Indeed, Minchin himself admits the Royal Shakespeare Company (RSC) took a risk when it commissioned him in 2009 to write the songs and lyrics for Matilda The Musical, based on Roald Dahl’s beloved children’s book.
But it was a good risk, he says in a telephone interview from Sydney.
“The reason Dahl is so well-loved is because he has this dark, funny and slightly anarchic and iconoclastic tone. The reason the musical’s done so well, I think, is because Dennis and I have managed to not ruin it, you know? We’ve managed to capture something of that tone,” says Minchin, 43, referring to Dennis Kelly, who wrote the stage adaptation.
Kelly, too, is known more for his adult-themed works.
The award-winning musical will make its Singapore debut on Feb 21 and will run until March 17 at Marina Bay Sands, after a run in the South African cities Johannesburg and Cape Town last year.
The story centres on Matilda, a precocious five-year-old who loves to read. Her parents are obsessed with television and her headmistress is a bullying, child-tossing tyrant.
Matilda later discovers that she has the power of telekinesis – the ability to move objects with her mind – and, with the help of her kindly teacher, succeeds in standing up to the big bully.
The production, whose set and costumes were designed by Rob Howell, features massive swings, classroom desks that rise through trapdoors and alphabet blocks spelling hidden words.
“It’s magical. It’s a world we can relate to, but it’s also not the world we live in – thank god,” says resident director Natalie Gilhome. The show will be the same as the ones in West End and Broadway, she adds, save for behind-the-scenes tweaks to the set to make it easier to transport.
While Dahl’s book is a children’s classic, the stage adaptation is more complicated because it was written for everyone, adds Minchin. “There are jokes and subtexts that only adults will notice.”
The song When I Grow Up, for example, is a song of hope to children because the young cast members sing about waking up with the sun and climbing tall trees when they are bigger.
But for adults, it is a song tinged with regret and wistfulness.

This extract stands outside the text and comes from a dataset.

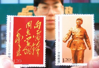 3月5日,中国邮政发行了一套名为《毛泽东“向雷锋同志学习”题词发表六十周年》的纪念邮票,其中一枚以金色雷锋塑像为主体图案。方寸间,雷锋昂首挺胸,面含微笑,仿佛正阔步走在春风中。他的神情欢快温暖,令人动容,让人怀念。

“It’s about how hard it is as an adult and how we forget about what we cared about when we were kids,” says Minchin.
“What you know when you’re grown up is that when you’re bigger, you stop climbing trees.”
The bullying headmistress of Crunchem Hall Elementary, Miss Trunchbull, is played by 26-year-old South African actor Ryan de Villiers, who spends about 11/2 hours before each show putting on layers of make-up, a wig held in place with “a hundred hairpins”, fake moles and a fat suit.

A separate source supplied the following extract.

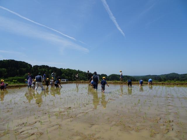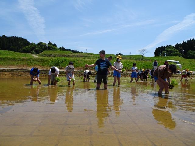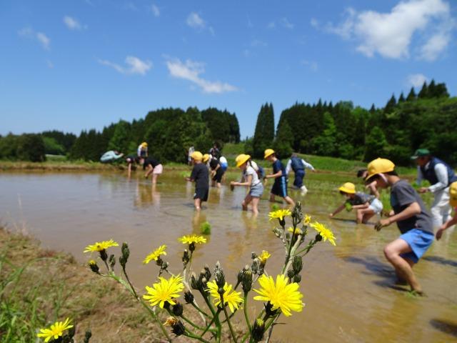 朝はひんやり肌寒かったものの,日中は気温が上がり心地よい気候となりました。好天の中,3年生以上の児童が気持ちよく田植えをすることができました。思うように足を運べずに苦労している姿もありましたが,こういった経験をすることで,農家への感謝の気持ちが育ったり,お米のありがたさに気づいたりできるといいです。

Miss Trunchbull, he suggests, has similarities with leaders on the world stage, such as United States President Donald Trump.
“Presidents and politicians tend to be so stubborn and so caught up with their way. That’s like Trunchbull. She thinks she knows what’s right, and that’s what she sticks to her whole life and that’s how she messes everyone up.”
Minchin, however, feels Matilda’s mother, Mrs Wormwood, is the “Donald Trump of the musical”.
BOOK IT / MATILDA THE MUSICAL
WHERE: Sands Theatre, Marina Bay Sands, 10 Bayfront Avenue
WHEN: Feb 21 to March 17, 7.30pm (Tuesdays to Saturdays), 2pm (Saturdays), 1 and 6pm (Sundays)
ADMISSION: From $68, excluding $4 booking fee
INFO: www.sistic.com.sg or www.marinabaysands.com/ticketing
“In the song Loud, she sings about how being loud is the most important thing and it doesn’t matter what your ideas are as long as you present them loudly,” says Minchin.
The musical’s enduring themes are one of the reasons it has enjoyed such long-running success, he adds.
“It’s about standing up for what’s right and making sure you care for one another.” He adds that it is also about intellectualism because Matilda’s superpower is really her knowledge.
Since its premiere at the RSC’s The Courtyard Theatre in Stratford-upon-Avon in November 2010, the musical has played in the West End, Broadway and countries such as the Philippines and Australia.
“It’s really amazing for me as a sort of slightly rude comedian from Perth to have this thing in places like Singapore, South Korea, South Africa and in schools in America and Norway,” says Minchin. “This lovely and big-hearted show is still going on, and it’s really great.”